Amid its greater iGaming market shakeup of 2025, Brazil has now suspended municipal lotteries. The Supreme Court banned these operators on December 3, introducing heavy fines on municipal operators supplying betting products and lotteries. It is understood that the federal gambling regulators want to push for unified lottery rules, cutting out any operators that run on state level or local permissions. Brazilian gamers and sports bettors have already endured plenty of changes and reforms to the iGaming scene in the country, and they continue to roll out.

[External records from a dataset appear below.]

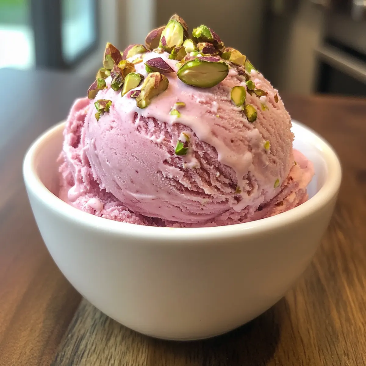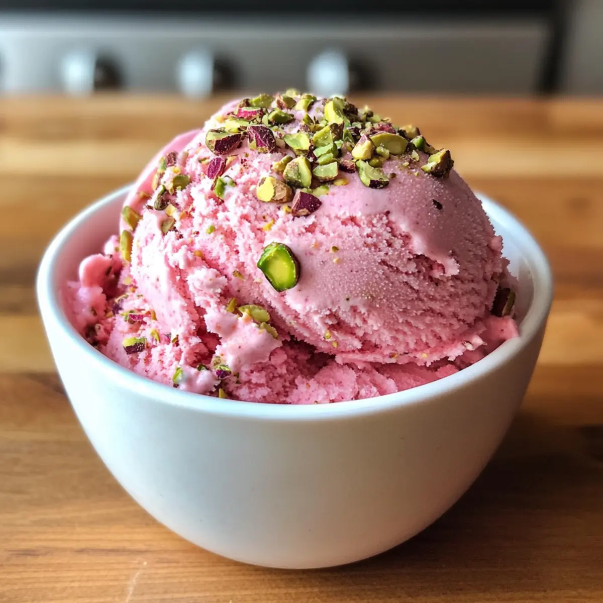 Jump to Recipe Print RecipeAs I stood by the window, the gentle summer breeze brought a hint of floral sweetness into my kitchen, sparking an idea that would transform my day. Enter the glorious Creamy Rose Ice Cream, a delightful frozen treat that combines lush creaminess with the refreshing scent of rose water. Not only is this recipe incredibly straightforward to whip up, but it’s also a scrumptious gluten-free and egg-free option perfect for those seeking a light yet indulgent dessert. Pair it with crunchy pistachios for a contrast that elevates this divine experience to new heights. Are you curious to discover how to create this stunning summer dessert at home? Let’s dive in! Why is Rose Ice Cream So Special? Unique Flavor: The enchanting taste of rose water elevates this ice cream above traditional flavors, making it a delightful surprise for your taste buds. Creamy Texture: With a luscious base of heavy cream and milk, each scoop melts smoothly, reminiscent of gourmet gelato. Simple Ingredients: Crafted from natural components like sugar and cornstarch, this recipe is not only accessible but ensures a wholesome treat. Perfect for Any Occasion: Whether it’s a summertime gathering or a cozy night in, this icy delight is sure to impress friends and family alike. Easy to Customize: Feel free to get creative—try adding spices like cinnamon or replacing pistachios with candied almonds for a twist, similar to the delightful combinations in my Orange Creamsicle Cookies or Tomato Pasta One. Indulging in this Rose Ice Cream will not only satisfy your sweet cravings but also provide a burst of floral freshness, making it a memorable culinary experience! Rose Ice Cream Ingredients For the Base • Whole Milk – Provides a creamy base; you can use 2% milk for a lighter option. • Sugar – Adds sweetness; feel free to adjust based on your taste preference. • Corn Starch – Thickens the ice cream without eggs; arrowroot powder is a good substitute. • Salt – Enhances flavor; consider using sea salt for depth. • Rose Water – The star flavor; start with 1 tbsp for a gentle taste, adjusting as needed. • Heavy Cream – Contributes to richness; coconut cream makes a great dairy-free alternative. • Vanilla Extract – This optional ingredient adds warmth to the flavor profile. For Coloring • Chopped Beets or Pink Food Coloring – Offers natural color; beets add a unique flavor, while food coloring is easier to use. For the Toppings • Chopped Pistachios – Provides delightful crunch; consider toasting them for extra flavor. • Candied Nuts (Almonds, Walnuts, or Macadamia Nuts) – Offers variation in textures; use your favorite nut for a personal touch. • Maple Syrup – Sweetens and adds a caramel-like depth; use a bit less if using walnuts. • Ground Cardamom or Cinnamon – Optional spices for added warmth and richness. • Waffle Cookies and Rose Petals – Fantastic garnishes to elevate your presentation. With these ingredients, you’ll be well on your way to crafting a delightful batch of Rose Ice Cream that’s sure to create lasting memories! Step-by-Step Instructions for Creamy Rose Ice Cream with Pistachios Step 1: Prepare the Corn Starch Mixture In a small bowl, dissolve the corn starch in ½ cup of the whole milk, stirring until you have a smooth mixture without lumps. This will act as a thickener for your Creamy Rose Ice Cream. Set it aside while you prepare the rest of the ingredients. Step 2: Heat the Milk and Sugar In a medium saucepan, combine the remaining milk and sugar over medium heat. Stir continuously until the sugar completely dissolves and the mixture starts to bubble gently, approximately 5-7 minutes. Keep an eye on it to prevent burning, and feel the anticipation for your creamy base! Step 3: Thicken the Mixture Once the milk and sugar mixture is boiling, whisk in the pre-dissolved corn starch gradually. Lower the heat to simmer, stirring constantly until the mixture thickens, about 2-3 minutes. You’ll know it’s ready when it coats the back of a spoon and has turned into a rich custard consistency. Step 4: Cool the Custard Immediately transfer the thickened custard into a large bowl set inside an ice bath—this helps cool it down quickly. Stir occasionally as it cools to prevent any skin from forming. Once it’s at room temperature, place it in the fridge to chill further for at least an hour. Step 5: Blend the Beet-Pink Mixture While the custard cools, blend the chopped beets with a few tablespoons of water until smooth. Strain the mixture through a fine mesh sieve to separate the juice, creating a vibrant and natural pink coloring. Combine this beet-rose water with the cooled custard, enhancing the beautiful color of your Rose Ice Cream. Step 6: Mix in Remaining Ingredients Add the heavy cream, salt, and vanilla extract to the beet-infused custard. Whisk everything together until you have a well-combined mixture that feels luxurious. Taste it and adjust the rose water if you desire a more pronounced floral flavor. Step 7: Chill the Mixture Cover the bowl with plastic wrap and refrigerate the mixture for several hours or ideally overnight. This allows all the flavors to meld beautifully, making your Creamy Rose Ice Cream even more delightful when it’s time to churn. Step 8: Churn the Ice Cream Once chilled, pour the mixture into your ice cream maker. Follow your manufacturer’s instructions to churn until it reaches a soft-serve consistency, which should take about 20-25 minutes. Add the chopped pistachios in the last few minutes of churning for an extra crunch. Step 9: Freeze to Firm Up Transfer the churned Rose Ice Cream to an airtight container, smoothing the top with a spatula. Press a piece of parchment paper against the ice cream’s surface to minimize ice crystals, and freeze for at least 4 hours until firm enough to scoop. Step 10: Serve and Garnish Scoop the creamy rose ice cream into bowls or cones and serve it with a 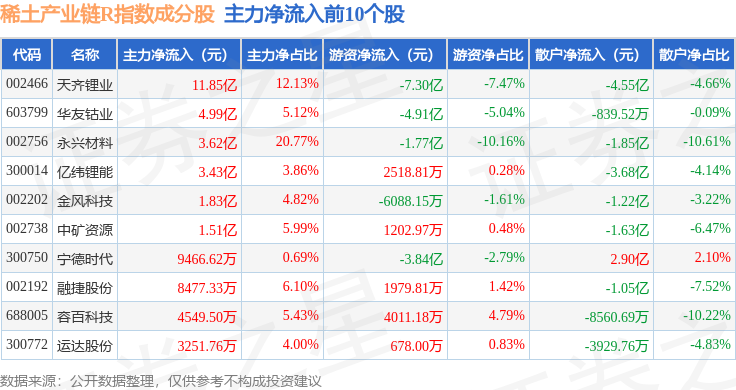资金流向方面,稀土产业链R(489013)指数成份股当日主力资金净流出合计19.35亿元,游资资金净流出合计1893.5万元,散户资金净流入合计19.54亿元。成份股资金流向详情见下表: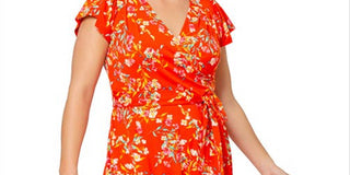 Vestido envelope falso de malha floral Monique da Leota feminino, laranja, tamanho 2X

This particular change does not come as a major surprise, as Brazil is trying to reshape the entire framework and structure of its vast and highly valuable iGaming scene. The goal, to tidy up, add transparency, and hold operators accountable to their duty of care for players. Though Brazil, with all the changes it has implemented in 2025, runs a very real risk of turning players away, and losing traffic to illegal, or black market, operators.

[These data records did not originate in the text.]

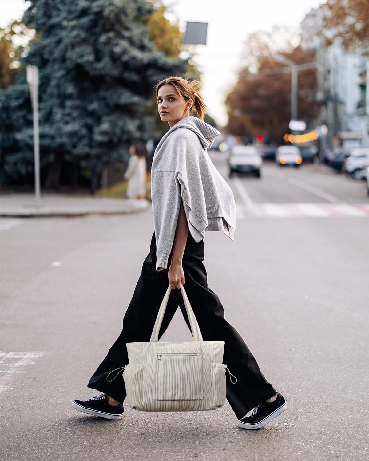 • 【UNIQUE DESIGN】Our tote bags are made of high-quality corduroy materials, classic styles never go out of style. The large tote bag size is 15.8 x 6.3 x 13 inch (40×16×33cm). It is large enough to hold your laptop, magazine, wallet, cosmetics, passport, keys, A4 papers, water bottle, etc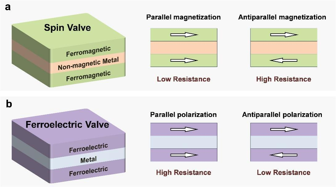 Spin valves, which modulate resistance by controlling spin orientations in ferromagnetic layers, have been instrumental in advancing spintronic technologies such as magnetic memory and sensors. Inspired by the conceptual analogy between ferroelectricity and ferromagnetism, a research team led by Prof. CHEN Chunlin from the Shenyang National Laboratory for Materials Science of IMR has now proposed and constructed a structurally analogous device—a “ferroelectric valve”—where resistance is tuned by switching the polarization direction in neighboring ferroelectric layers.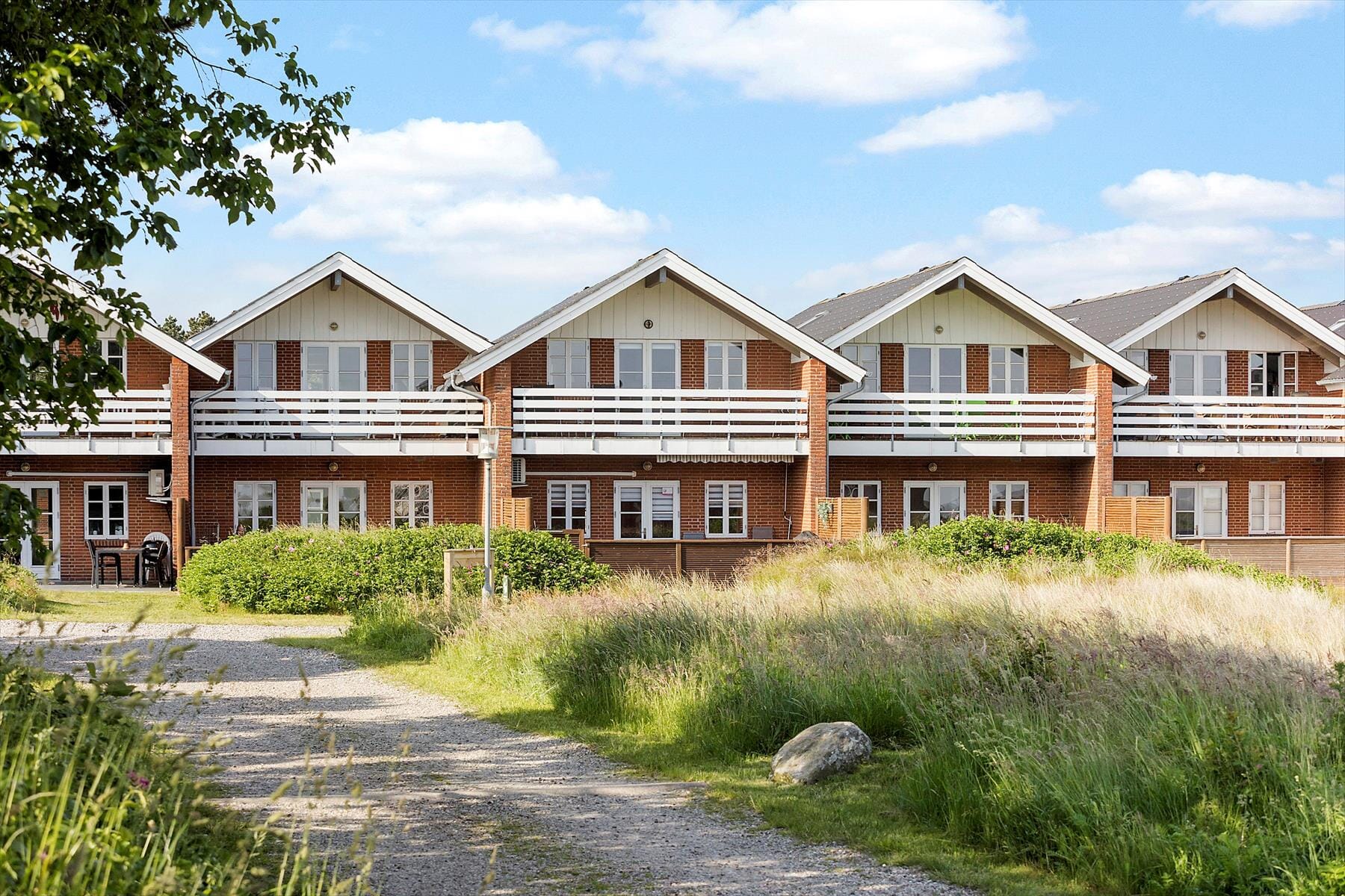 Fra stuen kan du træde lige ud på den tilhørende terrasse, der skærmes af hegn ind mod naboerne, men ellers er holdt åben, så du kan nyde det grønne landskab. Der er gode havemøbler og liggestole til rådighed, og hvis det ligefrem er for varmt at sidde i solen, kan du slå parasollen op og slappe af i skyggen, mens du overvejer, hvad der skal på grillen til aftensmad. Trænger du og familien til at komme op af havestolene, er der petanquebane, tennisbane, bordtennisbord og boldbaner i feriecentret, og fællesfaciliteterne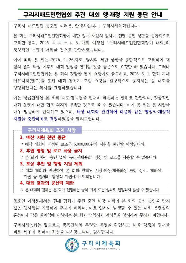 구리시배드민턴협회 주관 대회 행·재정 지원 ...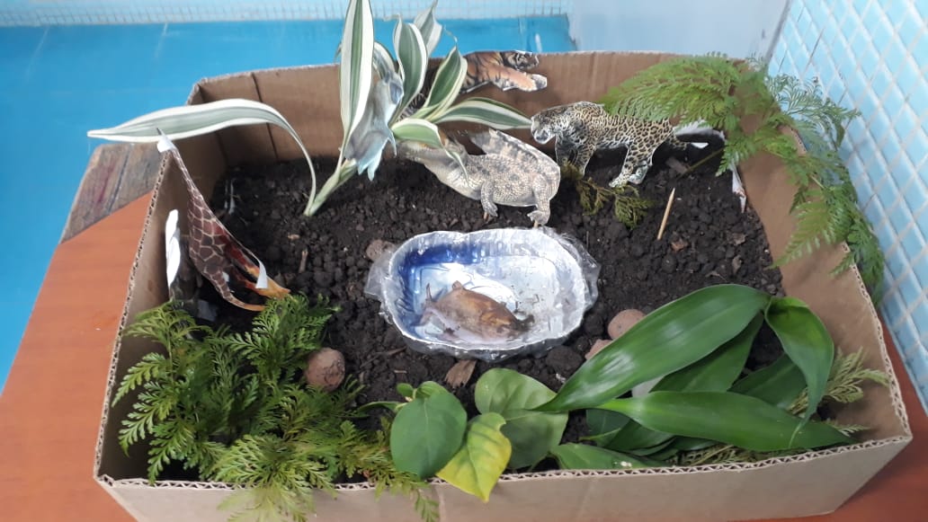 Os alunos do 2º BT participaram de uma atividade diferente baseado na Seção “Diferentes Ambientes”, da apostila de Ciências, na qual foram discutidos os diversos ambientes existentes no planeta terra. “Pedimos aos alunos que criassem seus próprios ambientes com terra, água e animais, como forma de colocar em prática os temas abordados em sala de aula de uma forma lúdica e dinâmica”, afirmou a professora Karina.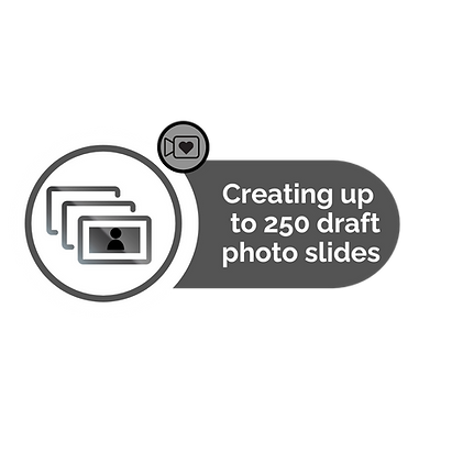 Get your fully sorted photo collection and draft slideshow in 30 minutes, and convert it to an event ready video in 15 minutes

Brazil Shuts Down Municipal Gambling Authorities
In response to a claim of non-compliance with the Fundamental Precept (ADPF 1212), the Federal Supreme Court of Brazil (STF) ordered the immediate cessation of municipal lottery activities. The operators were alleged to have conducted activities that violated the legislation, and thus the laws that gave municipalities the authority to legislate iGaming operators was pulled and is now being called into question. Any municipal lotteries and operators who breach the suspension will be issued a daily fine of R$ 500,000 and $50,000 will be issued individually to majors or presidents of the accredited companies.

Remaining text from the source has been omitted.